Upon an examination of the cases, I have formed the conclusion:

[2] First. The examination made by the factory inspector and his [838]*838records are irrelevant in an action brought by a servant against the employer for failure to guard a machine as required by the Labor Law. In Buffalo Loan, Trust & Safe Deposit Company v. Knights Templar & Mutual Aid Association, 126 N. Y. 450, 27 N. E. 942, 22 Am. St. Rep. 839, it was said, regarding the records of the board of health and the certificate of the attending physician stating the cause of death, .that they were police regulations required for local and specific purposes, and were not public records in such sense as to make them evi-' dence between private parties of the facts recorded. While the exclusion of these records was also placed upon the ground that section 834 of the Code of Civil Procedure covered the case (Davis v. Supreme Lodge, Knights of Honor, 165 N. Y. 159, 58 N. E. 891), yet the rule in the Buffalo Loan Case was restated in Beglin v. Metropolitan Life Insurance Company, 173 N. Y. 374, 66 N. E. 102:

“This statute was a police regulation, required for public purposes, and became prima facie evidence so far as concerns questions arising under its provisions which involve public rights. But we think it was not the intention of the Legislature to change the common-law rule of evidence in controversies of private parties growing out of contract, and that the provisions of the statute should not be construed as applicable to such cases.”
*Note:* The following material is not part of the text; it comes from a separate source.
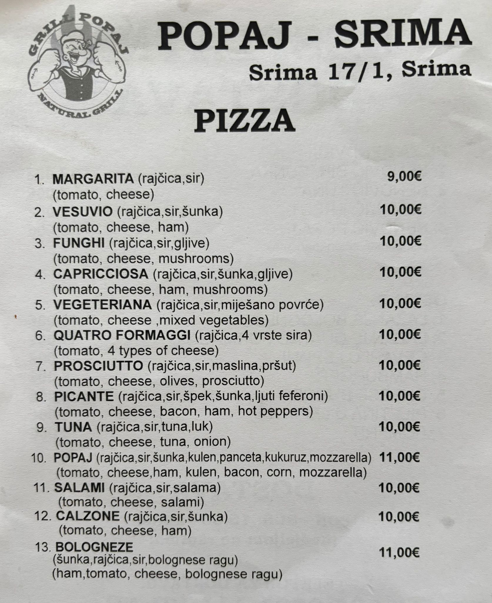 Popaj Srima nudi bogat izbor pizza po originalnim recepturama, među kojima se ističu popularne Popaj, Capricciosa, Bolognese i Quattro Formaggi, a tu su i sendviči, lazanje, hamburgeri, ćevapi i piletina u lepinji – sve po pristupačnim cijenama. Dostava je, kao i uvijek, besplatna.

The inspection required of a factory inspector is for a public and state purpose, in an attempt to preserve life, limb, and health, and his act or failure to act can have no relevancy upon the question arising between private parties as to whether a machine has been properly guarded. His opinion cannot be substituted for that of the jury.
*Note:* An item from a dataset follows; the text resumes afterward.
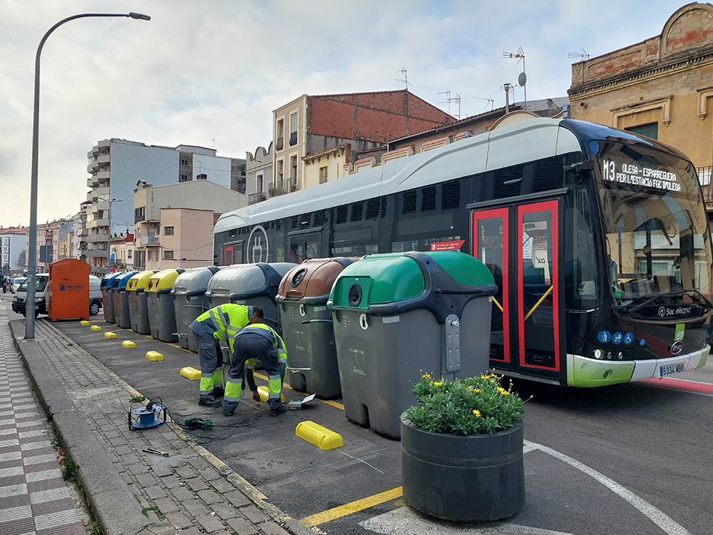 Aquesta setmana s'han començat a col·locar elements d'ancoratge per fixar els contenidors dins de les seves àrees delimitades. Aquests treballs és previst que es portin a terme durant les properes dues setmanes i, mentre durin les actuacions, serà necessari moure els contenidors endavant, ocupant més espai de la calçada de l'habitual, per tal que els operaris puguin treballar correctament en la col·locació dels anclatges. Per aquest motiu és possible que, de manera puntual, els contenidors no es mantinguin dins de la seva àrea delimitada i que el pas per la calçada sigui més estret de l'habitual.

In a suit by a wife against an insurance company to recover on a policy insuring the life of her husband, letters of administration were held not to be any evidence of death. Mutual Benefit Life Insurance Co. v. Tisdale, 91 U. S. 238, 23 L. Ed. 314.

[3] Second. Even if it were competent to show that the machine had been inspected, yet the records of that inspection showing the machine to be guarded would be incompetent, as the law does not require the keeping of any such record. However convenient it may be for the factory inspector to keep the cards and check marks returned by his deputies, there is no law requiring such returns to him, and the cards and records, in consequence, are not, in and of themselves, proof of the facts stated therein.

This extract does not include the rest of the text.